Information supplied -
★ ★ ★ ★
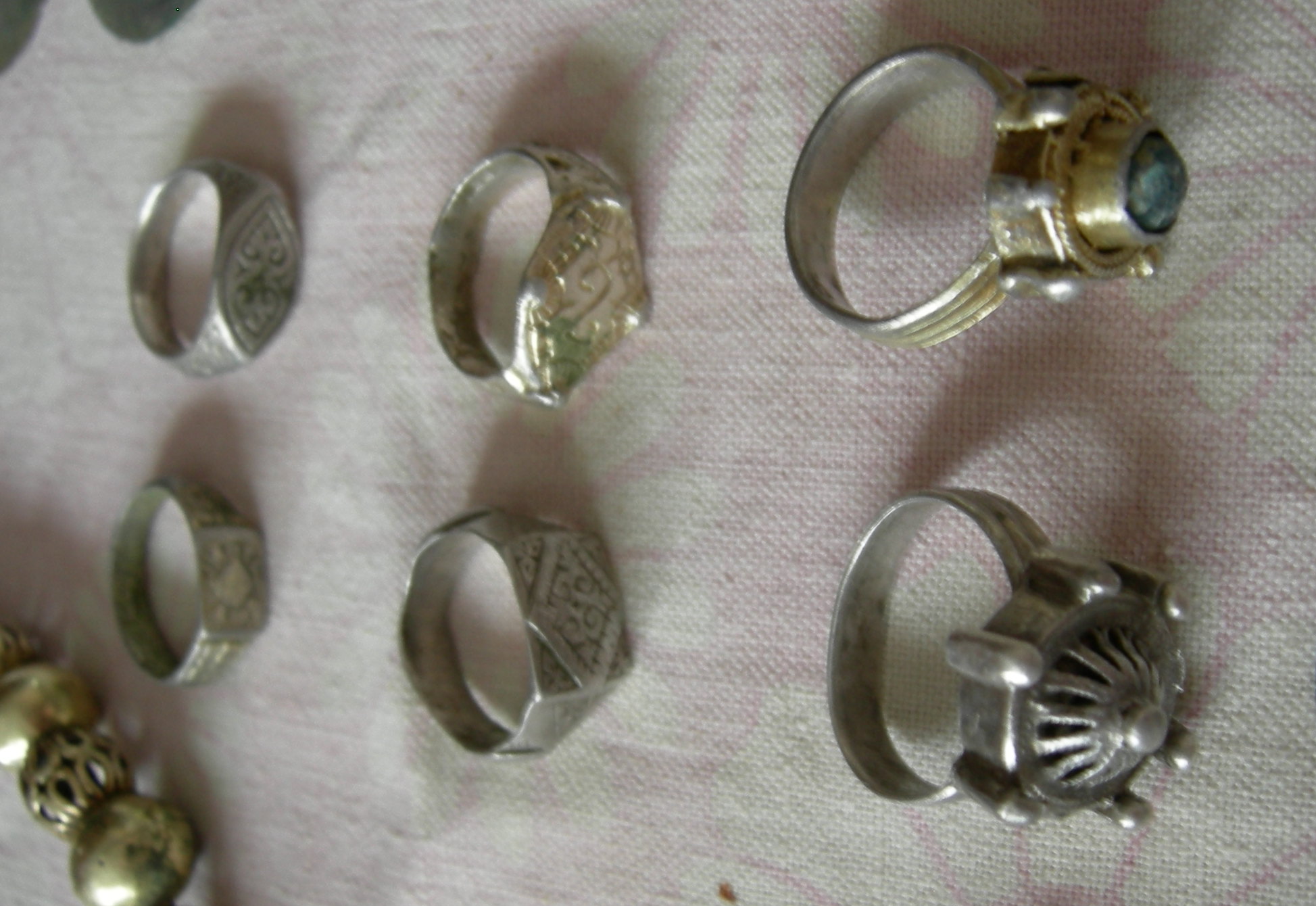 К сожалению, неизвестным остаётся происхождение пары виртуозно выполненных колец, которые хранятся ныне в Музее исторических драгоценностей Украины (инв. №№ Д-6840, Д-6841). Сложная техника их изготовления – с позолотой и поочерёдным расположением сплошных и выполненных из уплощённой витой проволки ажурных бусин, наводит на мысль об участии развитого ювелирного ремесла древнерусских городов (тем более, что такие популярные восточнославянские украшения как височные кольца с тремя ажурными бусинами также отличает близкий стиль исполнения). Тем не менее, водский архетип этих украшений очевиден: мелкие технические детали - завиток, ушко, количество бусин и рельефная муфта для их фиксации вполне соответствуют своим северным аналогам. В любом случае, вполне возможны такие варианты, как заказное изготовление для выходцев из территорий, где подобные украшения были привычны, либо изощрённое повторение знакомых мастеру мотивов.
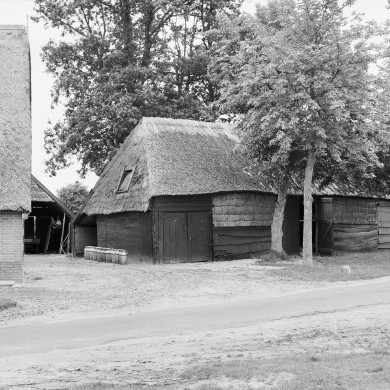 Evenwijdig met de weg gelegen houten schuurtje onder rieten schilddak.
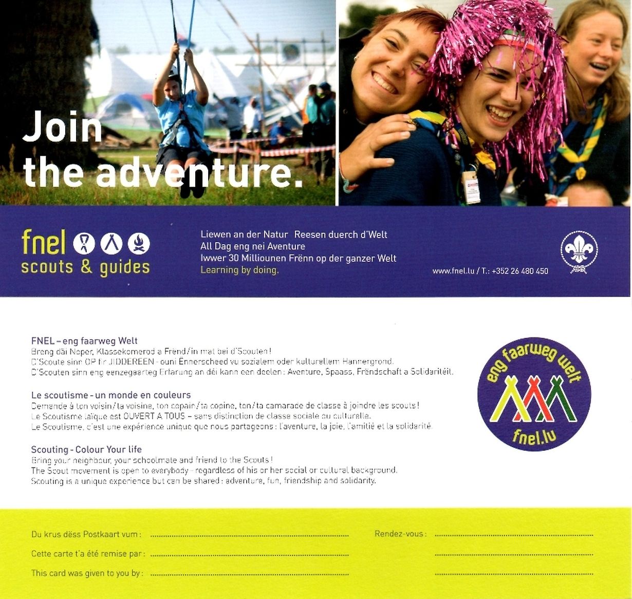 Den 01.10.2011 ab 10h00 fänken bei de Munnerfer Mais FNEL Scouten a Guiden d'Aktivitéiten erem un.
★ ★ ★ ★
Activity -
Return the complete data unchanged and include none of the pictures.

Reply -
 К сожалению, неизвестным остаётся происхождение пары виртуозно выполненных колец, которые хранятся ныне в Музее исторических драгоценностей Украины (инв. №№ Д-6840, Д-6841). Сложная техника их изготовления – с позолотой и поочерёдным расположением сплошных и выполненных из уплощённой витой проволки ажурных бусин, наводит на мысль об участии развитого ювелирного ремесла древнерусских городов (тем более, что такие популярные восточнославянские украшения как височные кольца с тремя ажурными бусинами также отличает близкий стиль исполнения). Тем не менее, водский архетип этих украшений очевиден: мелкие технические детали - завиток, ушко, количество бусин и рельефная муфта для их фиксации вполне соответствуют своим северным аналогам. В любом случае, вполне возможны такие варианты, как заказное изготовление для выходцев из территорий, где подобные украшения были привычны, либо изощрённое повторение знакомых мастеру мотивов.
 Evenwijdig met de weg gelegen houten schuurtje onder rieten schilddak.
 Den 01.10.2011 ab 10h00 fänken bei de Munnerfer Mais FNEL Scouten a Guiden d'Aktivitéiten erem un.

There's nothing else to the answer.